=== Section Start ===
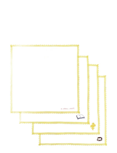 Set of four cotton napkins framed with soft lace and intricate embroidery.
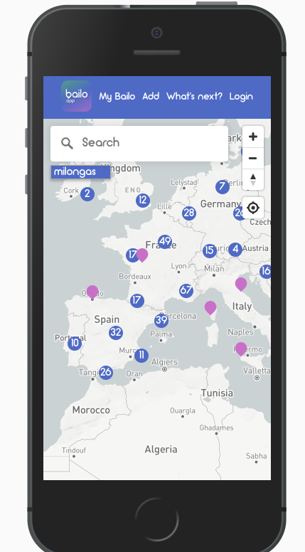 Find tango spots, practicas or schools and their information around the world either by searching for the city or by detecting your location. As a user you can add a milonga / practica / school that can be edited and deleted by an admin.
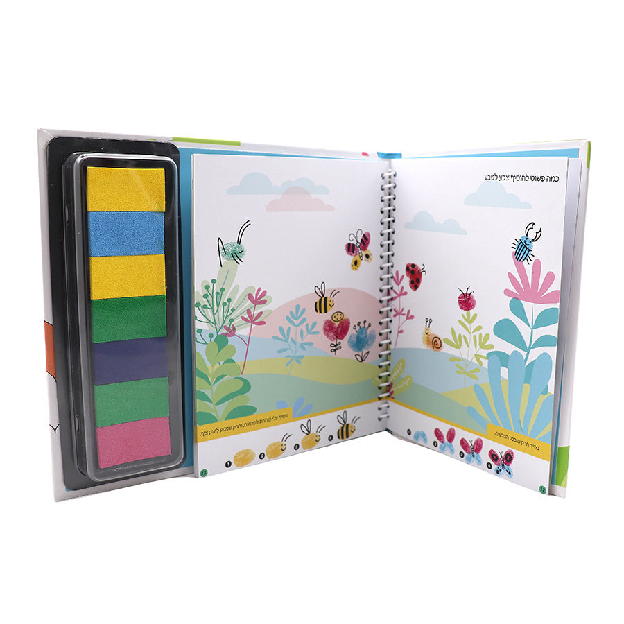 ספר פעילות המשלב צביעה עם צבעי אצבעות .
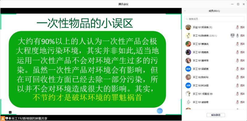 2020年6月21日14:00,生态环境技术学院青年志愿服务队在腾讯会议线上开展了第二期的环保宣讲活动。此次活动的目的是为了让同学们对一次性用品能有全新的认识,让减少一次性用品的使用,节约资源,保护环境,建设美丽绿色家园成为大家的共同意识。
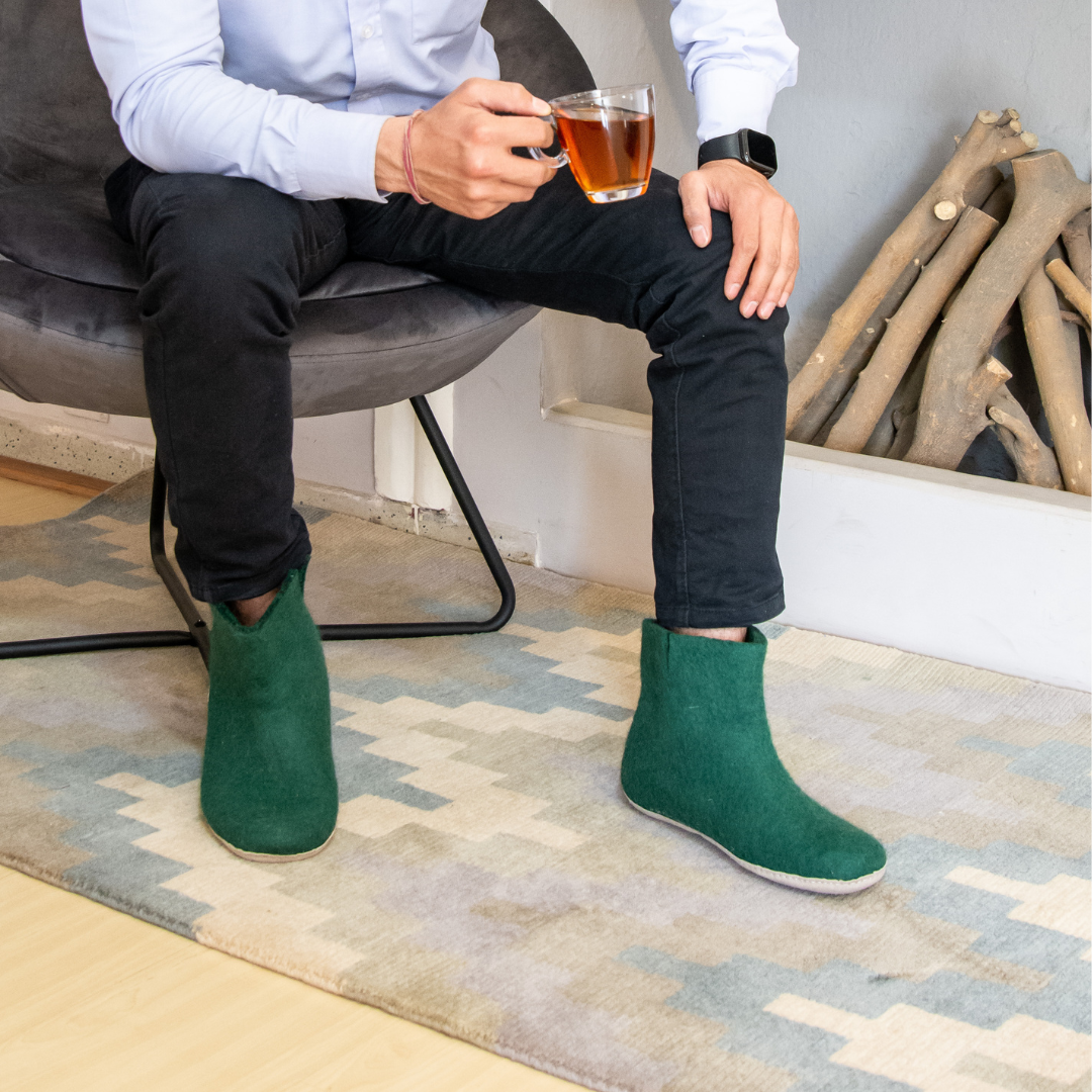 Forest Green Handmade Wool Felt Indoor Boot with Leather Sole
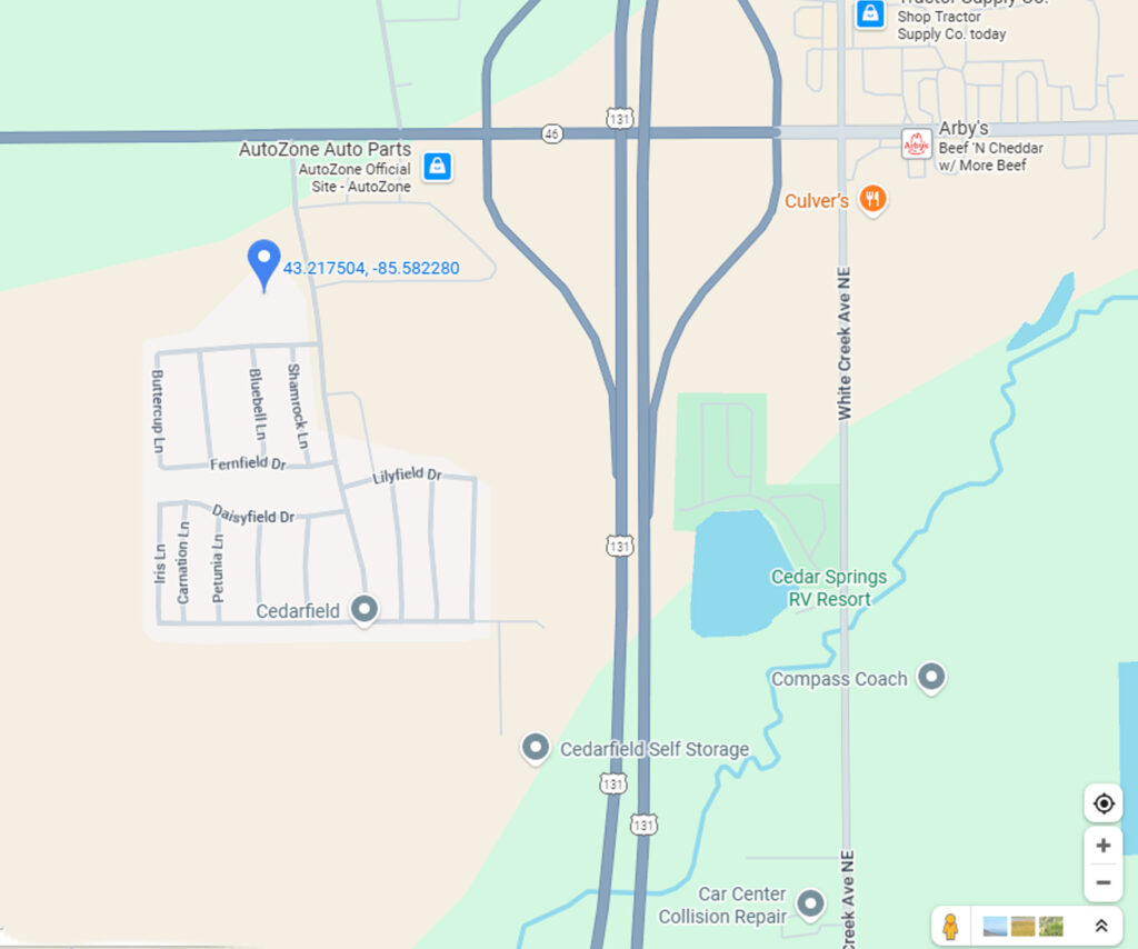 Our meeting this month will be at the Community Center of the Cedarfield 55+ MHC at 3592 17 Mile Rd NE, Cedar Springs, Michigan.
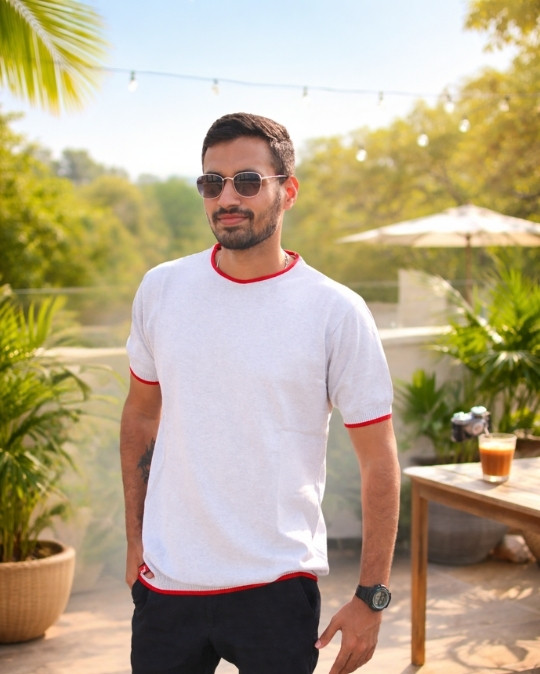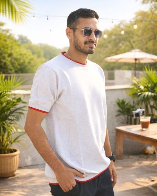 Men’s Classic Knit Round Neck T-Shirt with Red Ribbed Neck & Sleeve
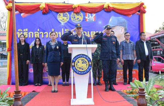 หนองบัวลำภู หนึ่งเดียวของประเทศไทย อำเภอศรีบุญเรือง จัดพิธีกล่าวคำปฏิญาณตนของสมาชิก ชรบ. (ชุดรักษาความปลอดภัยหมู่บ้าน) พร้อมอำลาตำแหน่งและส่งมอบธงประจำกองพัน ชรบ.อำเภอศรีบุญเรือง เพื่อแสดงความมุ่งมั่นในการทำงานเพื่อชุมชน
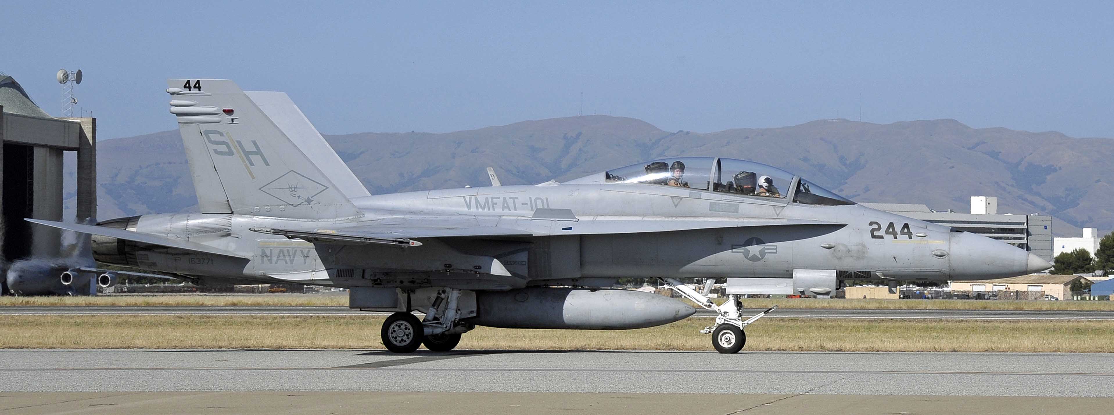 More interest was created by the presence of a Marines F/A-18D Hornet squadron (VMFAT-101) that was using Moffett for training purposes. The Marine pilots showed their stuff off by flying over the base and then landing before parking their five aircraft close to the control tower.
=== Section End ===
--- Exercise details ---
Every record above must be printed exactly, except for its images.

--- Written response ---
 Set of four cotton napkins framed with soft lace and intricate embroidery.
 Find tango spots, practicas or schools and their information around the world either by searching for the city or by detecting your location. As a user you can add a milonga / practica / school that can be edited and deleted by an admin.
 ספר פעילות המשלב צביעה עם צבעי אצבעות .
 2020年6月21日14:00,生态环境技术学院青年志愿服务队在腾讯会议线上开展了第二期的环保宣讲活动。此次活动的目的是为了让同学们对一次性用品能有全新的认识,让减少一次性用品的使用,节约资源,保护环境,建设美丽绿色家园成为大家的共同意识。
 Forest Green Handmade Wool Felt Indoor Boot with Leather Sole
 Our meeting this month will be at the Community Center of the Cedarfield 55+ MHC at 3592 17 Mile Rd NE, Cedar Springs, Michigan.
 Men’s Classic Knit Round Neck T-Shirt with Red Ribbed Neck & Sleeve
 หนองบัวลำภู หนึ่งเดียวของประเทศไทย อำเภอศรีบุญเรือง จัดพิธีกล่าวคำปฏิญาณตนของสมาชิก ชรบ. (ชุดรักษาความปลอดภัยหมู่บ้าน) พร้อมอำลาตำแหน่งและส่งมอบธงประจำกองพัน ชรบ.อำเภอศรีบุญเรือง เพื่อแสดงความมุ่งมั่นในการทำงานเพื่อชุมชน
 More interest was created by the presence of a Marines F/A-18D Hornet squadron (VMFAT-101) that was using Moffett for training purposes. The Marine pilots showed their stuff off by flying over the base and then landing before parking their five aircraft close to the control tower.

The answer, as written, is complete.